EXPLAIN SELECT * FROM user WHERE biz_id = 1 LIMIT 2;

id	select_type	table	partitions	type	possible_keys	key	key_len	ref	rows	filtered	Extra
1	SIMPLE	user	null	ALL	null	null	null	null	997030	10	Using where

从实际出发，我们可以看到，limit1 和 limit2 的执行时间相差巨大。
这里先分享一个技巧，我们可以使用 chatgpt 来高效整理分析 explain。

1
2
3
4
(文心一言)
这个查询计划显示了一个对user表的完整扫描，没有使用索引，并且WHERE子句用于筛选结果。
如果表很大或者查询的性能低，这可能会导致性能问题。
优化可能需要考虑使用合适的索引来提高查询性能。

我们可以看到，limit1 和 limi2 中，执行计划是几乎完全一致的。这个可以肯定，两次虽然时间相差巨大，但是对于 MySQL 来说执行逻辑相同。那为什么会相差巨大呢？就需要我们来具体分析。
在 limit1 的场景中，基于全表扫描，在第一条数据立即返回。等于仅查询了一条数据。
在 limit2 的场景中，第二条数据在百万条之后，所以根据执行计划，必须要扫描到全表才可以完整找到数据。
综上，没有索引就一定慢么？不一定的，索引仅仅是减少了数据查询量，但数据量本就极少的情况。是不会更慢的。

索引

explain 里使用 where，根据 chatgpt 的回复，以及自己的分析。我们很自然地能想到索引来进行查询的优化。

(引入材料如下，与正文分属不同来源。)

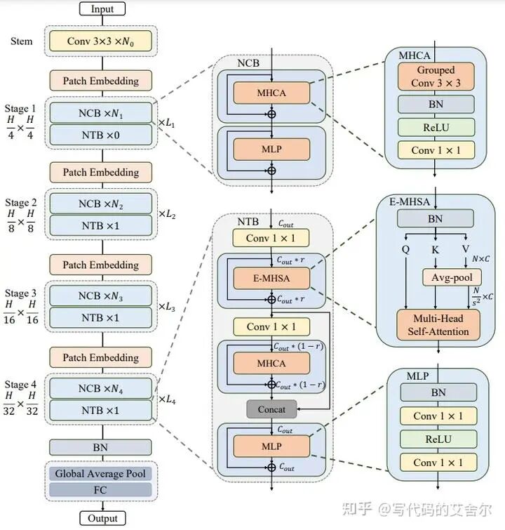 只需从Architecture Overview中我们就能发现他们的端倪:熟悉的conv+relu+bn,逐级降采样。这类模型还是保留了CNN架构的典型特点,只有头部和躯干部分植入了Transformer单元。

使用 B+树索引进行尝试。

B+树索引

https://www.cs.usfca.edu/~galles/visualization/Algorithms.html

1
CREATE INDEX idx_user_biz_id ON user (biz_id);

1
DROP INDEX idx_user_biz_id ON user;

EXPLAIN SELECT * FROM user WHERE biz_id = 1 LIMIT 1;

id	select_type	table	partitions	type	possible_keys	key	key_len	ref	rows	filtered	Extra
1	SIMPLE	user	null	ref	idx_user_biz_id	idx_user_biz_id	8	const	2	100	null

1
2
SELECT * FROM user WHERE biz_id = 1 LIMIT 1
[2023-08-27 21:09:37] 1 row retrieved starting from 1 in 48 ms (execution: 4 ms, fetching: 44 ms)

EXPLAIN SELECT * FROM user WHERE biz_id = 1 LIMIT 2;

id	select_type	table	partitions	type	possible_keys	key	key_len	ref	rows	filtered	Extra
1	SIMPLE	user	null	ref	idx_user_biz_id	idx_user_biz_id	8	const	2	100	null

1
2
SELECT * FROM user WHERE biz_id = 1 LIMIT 2
[2023-08-27 21:09:04] 2 rows retrieved starting from 1 in 48 ms (execution: 4 ms, fetching: 44 ms)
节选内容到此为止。